Brasil proporá fundo para carbono

By amassumu

01/11/2006

ANA MARIA MEJIA

BRASÍLIA – O Brasil vai propor a criação de um fundo global para compensar os países pobres que reduzirem o desmatamento nas florestas tropicais – e desta forma contribuir, para a mitigação do efeito estufa, no COP-12 (12ª Conferência das Partes) da Convenção do Clima da ONU, que começa no próximo dia 6 em Nairóbi, no Quênia.

A ministra do Meio Ambiente Marina Silva considera que a lógica é simples: as árvores da floresta tropical estocam, em seus troncos, folhas e raízes, grandes quantidades de carbono. Quando elas são derrubadas e queimadas, esse carbono é lançado na atmosfera na forma de CO2, ou gás carbônico, o principal responsável pelo efeito estufa (aprisionamento do calor da terra na atmosfera). Estima-se que de 20% a 25% das emissões globais anuais de CO2 venham do desmatamento.

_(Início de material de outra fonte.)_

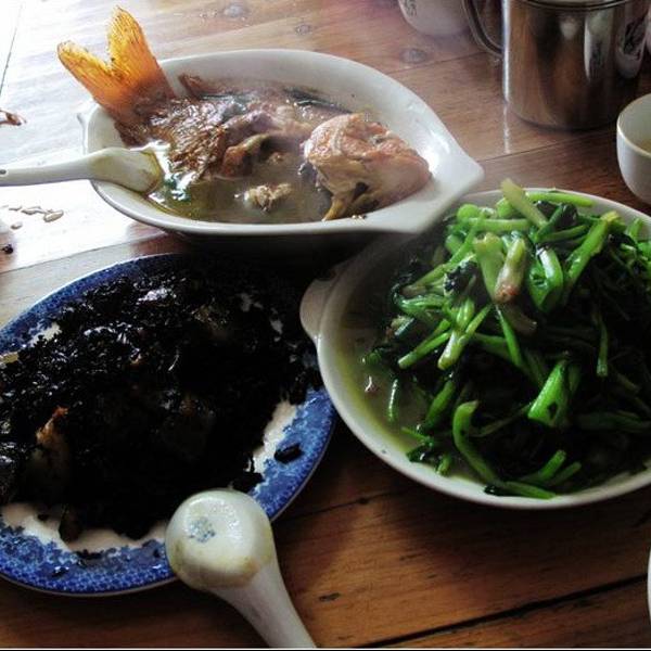 饭店还提供住宿,三人间带电视周末120平时80。不带电视的周末10...14:40抵达官坑,管坑饭店午餐,传说中的荷包红鲤鱼除了活着的时候看着养眼外煮熟了和普通鲫鱼没啥两样。鲤鱼养在池子里大小都差不多,可以自己挑。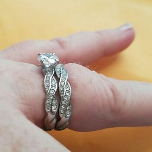 1.25 Round cut CZ bridal ring set. Total carats in both rings 1.75. Size 9. I wear this set in size 10. Beautiful and classic. LOVE IT!!! I love CZ jewelry for everyday wear, business travel and vacations. But, you can see in the photo that a 9.5 or 10 size ring would work better on my ring finger. It's TRUE to size 9. Rhodium plated setting. Rhodium is approximately 6X more expensive than gold and is known for having high reflective quality for jewelry. Rhodium is found in platinum ore. I've worn the same set in size 10 for 5 years with no sign of wear. Just beautiful.

Coincidentemente, o Banco Mundial divulgou um documento, no início da semana passada, no qual afirma que o carbono que deixou de ser emitido pelo desmatamento é a grande “oportunidade inexplorada” pelo planeta para reduzir a pobreza e ao mesmo tempo conservar a biodiversidade e ajudar a resolver a crise climática.

O documento organizado pelo principal economista ambiental do Bird em Washington, o americano Kenneth Chomitz e intitulado “Em Desacordo? Expansão Agrícola, Redução da Pobreza e Ambiente nas Florestas Tropicais”, indicam a relação, em números, entre pobreza e desmatamento em todas as áreas de floresta tropical do planeta.

O estudo mostra que há desmatamentos lucrativos, a exemplo do cerrado goiano, onde o hectare de terra desmatada chega a valer R$ 6 mil, o que significa muito dinheiro no bolso do produtor e um estímulo a empurrar a fronteira agrícola para a frente. “Na fronteira amazônica, produtores desmatam para criar pastagem que rende em média US$ 300/hectare”, cita.

Atualmente, o preço do carbono no mercado europeu está em torno de US$ 16 por tonelada, logo valeria a pena ter o fundo para comercializar o carbono. “Uma floresta densa pode ter até 500 toneladas de carbono,se desmatar, você está queimando um ativo de US$ 8 mil para ganhar US$ 300. Isso não faz muito sentido para mim., afirmou Chomitz.

Munido de todas essas informações, quem sabe o governo brasileiro consiga formalizar um acordo internacional pelo qual os países industrializados paguem as nações tropicais para reduzir o desmate. Um próximo passo seria usar essa compensação para estabelecer programas nacionais de incentivo à agricultura em zonas já desmatadas.